Córdoba, chief town of its province and the most important city in Andalusia after Seville, lies at the foot of the Sierra de Córdoba, an outlier of the Sierra Morena, in a plain which slopes gently down to the Río Guadalquivir. Narrow winding streets, small squares and low whitewashed houses, most of them with beautiful
patios which can be admired from the street, give the town a Moorish atmosphere inherited from its past. It is still a kind of western European Mecca, with the famous Great Mosque, now the Cathedral, which in spite of later alterations ranks with the Alhambra in Granada as one of the two most splendid examples of Islamic art and architecture in western Europe.
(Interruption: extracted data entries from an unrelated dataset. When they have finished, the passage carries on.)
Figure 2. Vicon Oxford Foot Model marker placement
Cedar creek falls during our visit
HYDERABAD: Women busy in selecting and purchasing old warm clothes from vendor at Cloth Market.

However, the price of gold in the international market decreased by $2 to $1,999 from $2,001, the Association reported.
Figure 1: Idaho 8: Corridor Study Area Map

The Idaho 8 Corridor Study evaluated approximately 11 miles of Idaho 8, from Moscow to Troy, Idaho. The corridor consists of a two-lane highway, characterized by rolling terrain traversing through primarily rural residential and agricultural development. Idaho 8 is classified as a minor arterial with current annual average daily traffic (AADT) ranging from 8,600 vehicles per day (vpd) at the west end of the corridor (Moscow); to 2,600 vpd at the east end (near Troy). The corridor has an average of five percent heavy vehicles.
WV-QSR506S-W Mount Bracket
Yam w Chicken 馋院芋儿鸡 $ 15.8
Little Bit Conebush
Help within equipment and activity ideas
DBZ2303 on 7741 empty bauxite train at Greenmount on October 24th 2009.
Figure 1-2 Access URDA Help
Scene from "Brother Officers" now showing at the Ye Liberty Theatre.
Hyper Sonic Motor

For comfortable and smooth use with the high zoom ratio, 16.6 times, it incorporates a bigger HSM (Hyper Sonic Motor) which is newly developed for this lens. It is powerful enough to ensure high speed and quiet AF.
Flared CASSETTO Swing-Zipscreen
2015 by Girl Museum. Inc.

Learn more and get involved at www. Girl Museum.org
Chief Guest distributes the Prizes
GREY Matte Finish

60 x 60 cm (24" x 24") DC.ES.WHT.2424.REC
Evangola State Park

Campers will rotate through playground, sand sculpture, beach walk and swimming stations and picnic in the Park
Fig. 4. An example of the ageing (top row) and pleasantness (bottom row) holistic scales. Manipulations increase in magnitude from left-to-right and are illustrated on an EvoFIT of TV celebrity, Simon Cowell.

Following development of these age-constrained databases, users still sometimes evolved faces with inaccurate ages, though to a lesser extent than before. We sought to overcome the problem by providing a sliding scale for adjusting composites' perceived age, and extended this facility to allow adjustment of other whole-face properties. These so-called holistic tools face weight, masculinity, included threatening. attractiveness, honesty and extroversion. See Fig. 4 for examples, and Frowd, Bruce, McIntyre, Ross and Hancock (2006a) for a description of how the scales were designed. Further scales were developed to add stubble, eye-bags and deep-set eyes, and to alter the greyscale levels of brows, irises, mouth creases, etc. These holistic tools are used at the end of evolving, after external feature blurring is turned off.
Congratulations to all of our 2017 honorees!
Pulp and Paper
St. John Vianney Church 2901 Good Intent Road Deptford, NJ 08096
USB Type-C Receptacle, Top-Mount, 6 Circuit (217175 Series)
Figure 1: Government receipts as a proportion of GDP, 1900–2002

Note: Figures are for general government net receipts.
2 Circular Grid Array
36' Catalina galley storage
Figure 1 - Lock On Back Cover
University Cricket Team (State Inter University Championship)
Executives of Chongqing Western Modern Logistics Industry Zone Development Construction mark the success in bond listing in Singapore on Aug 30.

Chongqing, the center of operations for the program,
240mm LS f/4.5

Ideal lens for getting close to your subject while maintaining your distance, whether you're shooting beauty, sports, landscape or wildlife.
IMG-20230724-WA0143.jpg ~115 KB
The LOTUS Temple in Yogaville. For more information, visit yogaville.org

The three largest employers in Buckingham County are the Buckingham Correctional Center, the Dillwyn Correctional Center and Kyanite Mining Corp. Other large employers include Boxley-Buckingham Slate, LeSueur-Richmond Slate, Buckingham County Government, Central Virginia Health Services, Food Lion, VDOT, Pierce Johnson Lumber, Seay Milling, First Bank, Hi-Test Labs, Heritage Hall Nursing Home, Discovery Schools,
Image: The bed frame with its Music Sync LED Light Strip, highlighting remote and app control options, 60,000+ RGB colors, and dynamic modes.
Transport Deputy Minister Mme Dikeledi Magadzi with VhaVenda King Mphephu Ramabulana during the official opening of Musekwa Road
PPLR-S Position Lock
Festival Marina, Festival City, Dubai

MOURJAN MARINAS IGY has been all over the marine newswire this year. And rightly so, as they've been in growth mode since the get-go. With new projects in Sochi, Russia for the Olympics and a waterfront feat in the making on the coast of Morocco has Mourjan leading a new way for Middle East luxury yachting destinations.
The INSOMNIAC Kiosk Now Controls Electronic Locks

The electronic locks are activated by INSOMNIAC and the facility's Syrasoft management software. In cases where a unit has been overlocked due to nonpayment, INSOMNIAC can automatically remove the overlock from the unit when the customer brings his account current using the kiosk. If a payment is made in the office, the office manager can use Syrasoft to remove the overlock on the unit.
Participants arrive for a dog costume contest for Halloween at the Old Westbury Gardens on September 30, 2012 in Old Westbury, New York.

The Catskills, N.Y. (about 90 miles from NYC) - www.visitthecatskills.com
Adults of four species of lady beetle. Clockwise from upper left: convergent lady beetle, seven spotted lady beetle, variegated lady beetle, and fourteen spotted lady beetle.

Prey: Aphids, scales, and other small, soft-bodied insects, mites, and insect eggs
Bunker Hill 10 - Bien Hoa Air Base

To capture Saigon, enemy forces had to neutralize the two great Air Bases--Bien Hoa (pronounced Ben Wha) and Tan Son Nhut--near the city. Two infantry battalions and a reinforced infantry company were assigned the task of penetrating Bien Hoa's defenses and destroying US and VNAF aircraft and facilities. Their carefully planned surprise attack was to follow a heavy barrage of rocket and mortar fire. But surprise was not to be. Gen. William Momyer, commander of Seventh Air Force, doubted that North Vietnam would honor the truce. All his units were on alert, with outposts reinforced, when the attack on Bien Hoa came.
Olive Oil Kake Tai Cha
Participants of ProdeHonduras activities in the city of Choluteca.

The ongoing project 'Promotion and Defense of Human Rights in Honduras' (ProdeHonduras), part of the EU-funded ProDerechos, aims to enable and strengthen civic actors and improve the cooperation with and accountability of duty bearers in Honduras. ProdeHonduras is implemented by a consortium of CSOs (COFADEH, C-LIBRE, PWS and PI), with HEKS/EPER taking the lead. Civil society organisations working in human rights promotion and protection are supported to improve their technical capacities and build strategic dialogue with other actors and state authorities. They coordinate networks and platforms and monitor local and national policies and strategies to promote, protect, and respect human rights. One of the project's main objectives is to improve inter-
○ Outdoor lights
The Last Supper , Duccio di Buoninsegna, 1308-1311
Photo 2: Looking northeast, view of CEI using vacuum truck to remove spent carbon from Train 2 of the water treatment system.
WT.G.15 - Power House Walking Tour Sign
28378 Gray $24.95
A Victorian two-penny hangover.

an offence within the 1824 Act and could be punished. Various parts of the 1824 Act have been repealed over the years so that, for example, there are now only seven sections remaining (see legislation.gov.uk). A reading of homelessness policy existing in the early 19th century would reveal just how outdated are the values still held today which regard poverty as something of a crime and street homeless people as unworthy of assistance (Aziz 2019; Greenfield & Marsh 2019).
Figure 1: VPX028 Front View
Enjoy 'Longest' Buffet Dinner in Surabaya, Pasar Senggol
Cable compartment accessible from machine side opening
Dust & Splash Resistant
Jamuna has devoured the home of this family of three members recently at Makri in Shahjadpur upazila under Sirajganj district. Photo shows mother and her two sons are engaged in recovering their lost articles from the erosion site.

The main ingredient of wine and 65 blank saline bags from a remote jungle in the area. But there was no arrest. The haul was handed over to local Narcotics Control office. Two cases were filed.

Córdoba is also famed for its silverware and its leather goods. Around the old town has grown up a modern Córdoba, with metalworking plants, factories producing electrical goods and foodstuff industries. The surrounding country is still given up to agriculture.
History
Already a place of some consequence in Iberian times, Córdoba became chief town of the Roman province of Hispania Ulterior in 152 B.C. Under the Empire it alternated with Hispalis (Seville) and Italica (north of Savile) as capital of the province of Baetica. In Visigothic times it became the see of a bishop, but remained a place of no great importance. After the decisive defeat of the Visigoths by the Moors in 711, however, the town enjoyed a new period of prosperity under Arab rule, particularly from 756 under the Umayyad ruler Abderrahman I after his expulsion from Damascus. As capital of an independent Spanish caliphate under the rule of Abderrah-man II and III, Al-Hakam II and Almansor, Vizier to Hisham II, Córdoba developed into one of the most brilliant cities in Europe and a center of learning which attracted students from all over the western world and promoted active exchanges between Christian, Muslim and Jewish scholars. With the fall of the Caliphate in 1031 the city's decline began. It fell successively under the control of Seville (1078), the Almoravids (1091) and the Almohads (1148); but after its capture by the Christians in 1236 the formerly flourishing city fell into oblivion. The magnificent buildings erected during the Moorish period fell into disrepair, the irrigation system was neglected, and the once fertile Campiña became an almost barren steppe. Commerce and industry collapsed, and it was three hundred years after the Christian reconquest before trade began to revive with the resumption of the production of leather wall- hangings. Córdoba was the birthplace of many famous men, among them the Roman orator M. Annaeus Seneca (54 B.C.-A.D. 39), his son L. Annaeus Seneca (4 B.C.- A.D. 65) and his grandson the poet Lucan (A.D. 39-65); the Arab scholar Averroes (Ibn Rushd, 1126-98), translator and interpreter of Aristotle, Rabbi Moses Maimonides (1135-1204), the painter Bartolomé Bermejo (c. 1430-after 1496) and the poet Luis de Góngora (1561-1627).